(INPUT MATERIAL Opens)

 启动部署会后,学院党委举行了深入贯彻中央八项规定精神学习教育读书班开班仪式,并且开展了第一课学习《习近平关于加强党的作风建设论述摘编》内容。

(INPUT MATERIAL Closes)
(INPUT MATERIAL Opens)

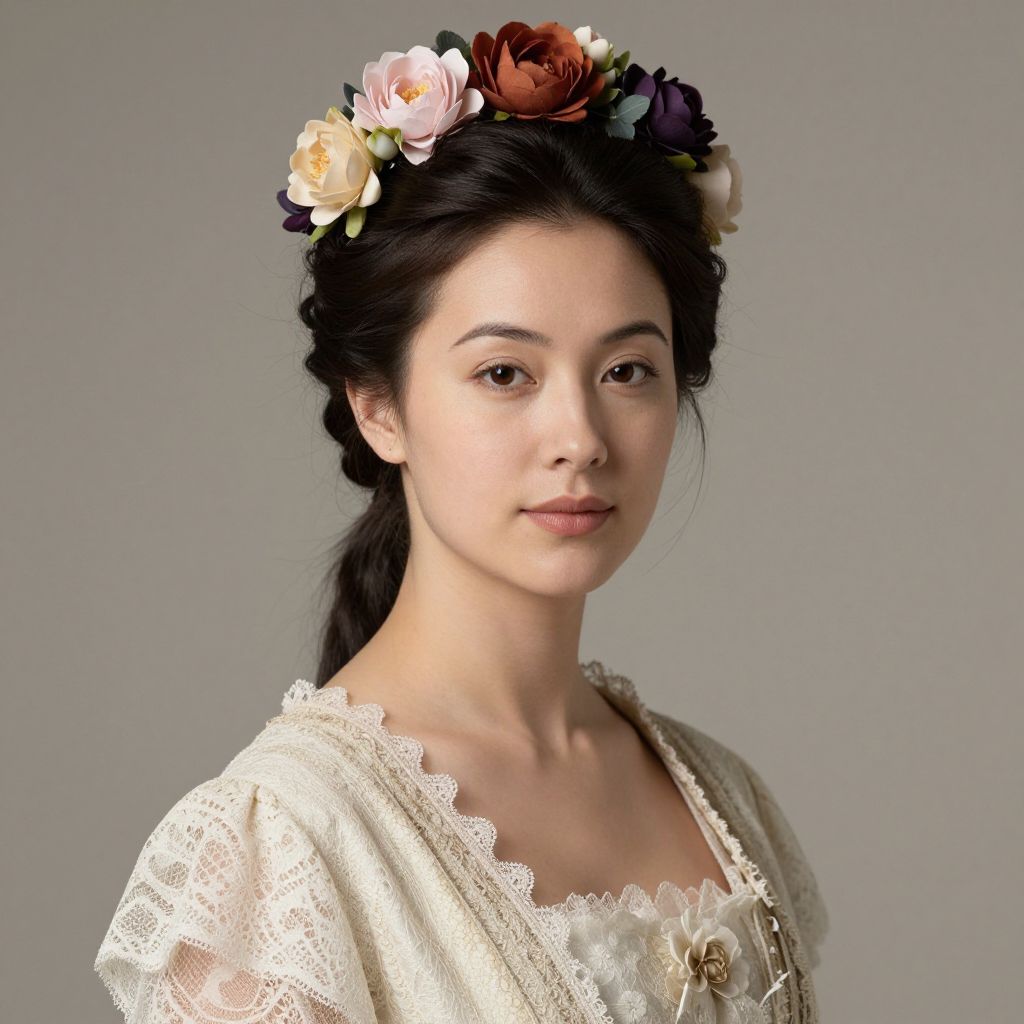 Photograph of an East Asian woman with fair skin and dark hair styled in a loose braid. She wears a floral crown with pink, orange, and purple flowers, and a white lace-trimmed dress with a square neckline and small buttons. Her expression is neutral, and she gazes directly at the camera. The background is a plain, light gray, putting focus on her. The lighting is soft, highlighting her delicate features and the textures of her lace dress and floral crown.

(INPUT MATERIAL Closes)
(INPUT MATERIAL Opens)

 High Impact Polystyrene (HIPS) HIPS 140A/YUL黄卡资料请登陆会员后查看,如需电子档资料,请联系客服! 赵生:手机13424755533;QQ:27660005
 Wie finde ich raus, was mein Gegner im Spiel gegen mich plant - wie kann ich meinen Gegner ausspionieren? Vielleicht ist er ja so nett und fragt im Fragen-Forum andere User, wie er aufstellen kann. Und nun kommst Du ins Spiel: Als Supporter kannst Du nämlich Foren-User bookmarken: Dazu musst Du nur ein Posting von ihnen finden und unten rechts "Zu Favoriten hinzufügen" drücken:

(INPUT MATERIAL Closes)

• [YOUR GOAL]: For the lines above, output exactly those from the line containing "High Impact Polystyrene" through the line containing "Wie finde ich", and skip the others.

• [COMPLETED TASK]:
 High Impact Polystyrene (HIPS) HIPS 140A/YUL黄卡资料请登陆会员后查看,如需电子档资料,请联系客服! 赵生:手机13424755533;QQ:27660005
 Wie finde ich raus, was mein Gegner im Spiel gegen mich plant - wie kann ich meinen Gegner ausspionieren? Vielleicht ist er ja so nett und fragt im Fragen-Forum andere User, wie er aufstellen kann. Und nun kommst Du ins Spiel: Als Supporter kannst Du nämlich Foren-User bookmarken: Dazu musst Du nur ein Posting von ihnen finden und unten rechts "Zu Favoriten hinzufügen" drücken:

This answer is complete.